**Source information**
---+---

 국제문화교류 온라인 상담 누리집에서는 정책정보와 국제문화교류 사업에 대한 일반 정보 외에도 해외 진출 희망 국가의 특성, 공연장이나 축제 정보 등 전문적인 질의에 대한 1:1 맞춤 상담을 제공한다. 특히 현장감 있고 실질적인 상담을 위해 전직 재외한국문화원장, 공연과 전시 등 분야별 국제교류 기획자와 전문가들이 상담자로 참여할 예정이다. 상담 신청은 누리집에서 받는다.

---+---

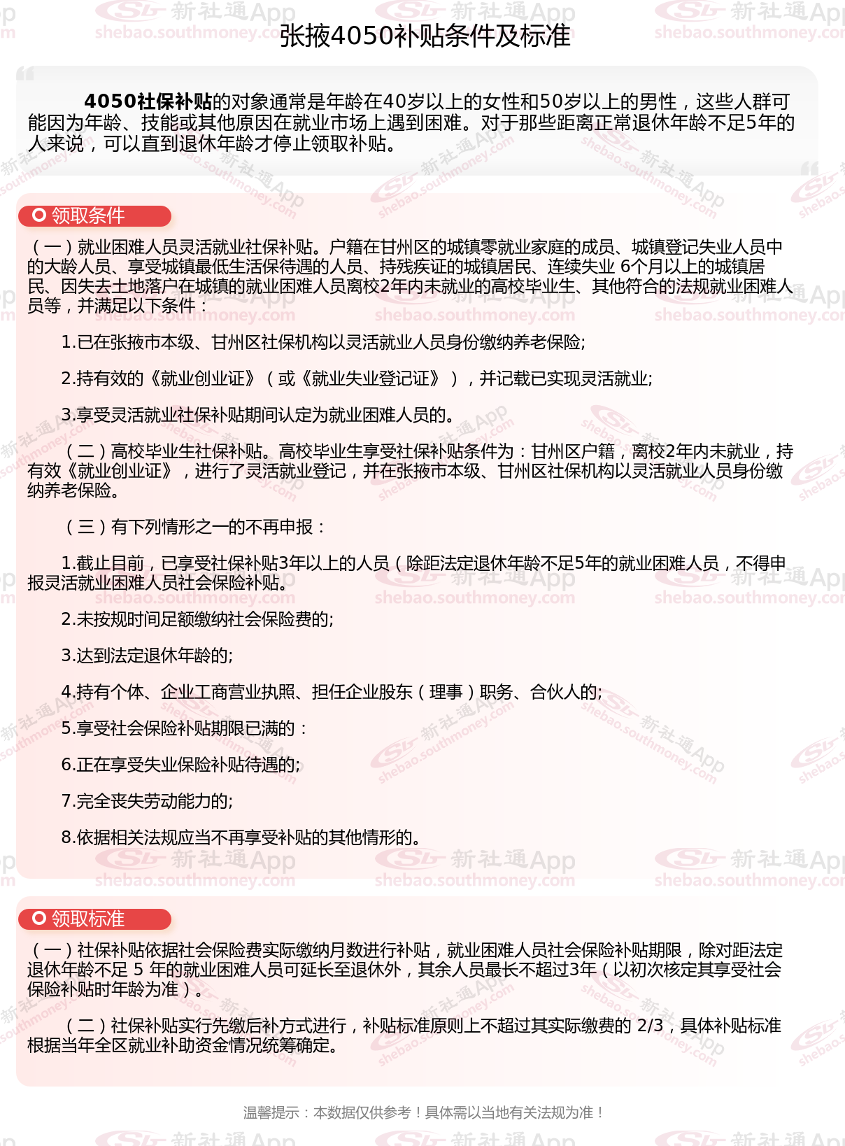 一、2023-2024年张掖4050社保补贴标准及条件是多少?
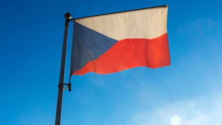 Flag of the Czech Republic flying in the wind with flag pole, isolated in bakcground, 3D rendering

---+---

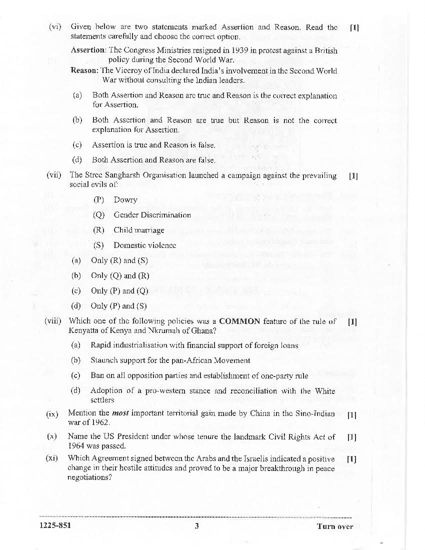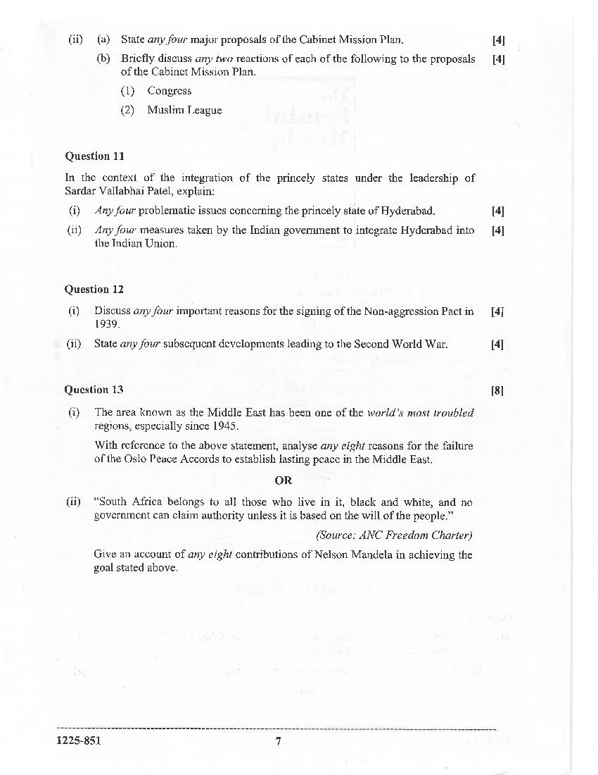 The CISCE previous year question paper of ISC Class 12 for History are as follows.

---+---

**Prompt**
I'd like the lines above repeated exactly, from the one that contains "一、2023-2024年张掖4050社保补贴标准及条件是多少?" through the one that contains "Flag of the", with no pictures.

**Task answer**
 一、2023-2024年张掖4050社保补贴标准及条件是多少?
 Flag of the Czech Republic flying in the wind with flag pole, isolated in bakcground, 3D rendering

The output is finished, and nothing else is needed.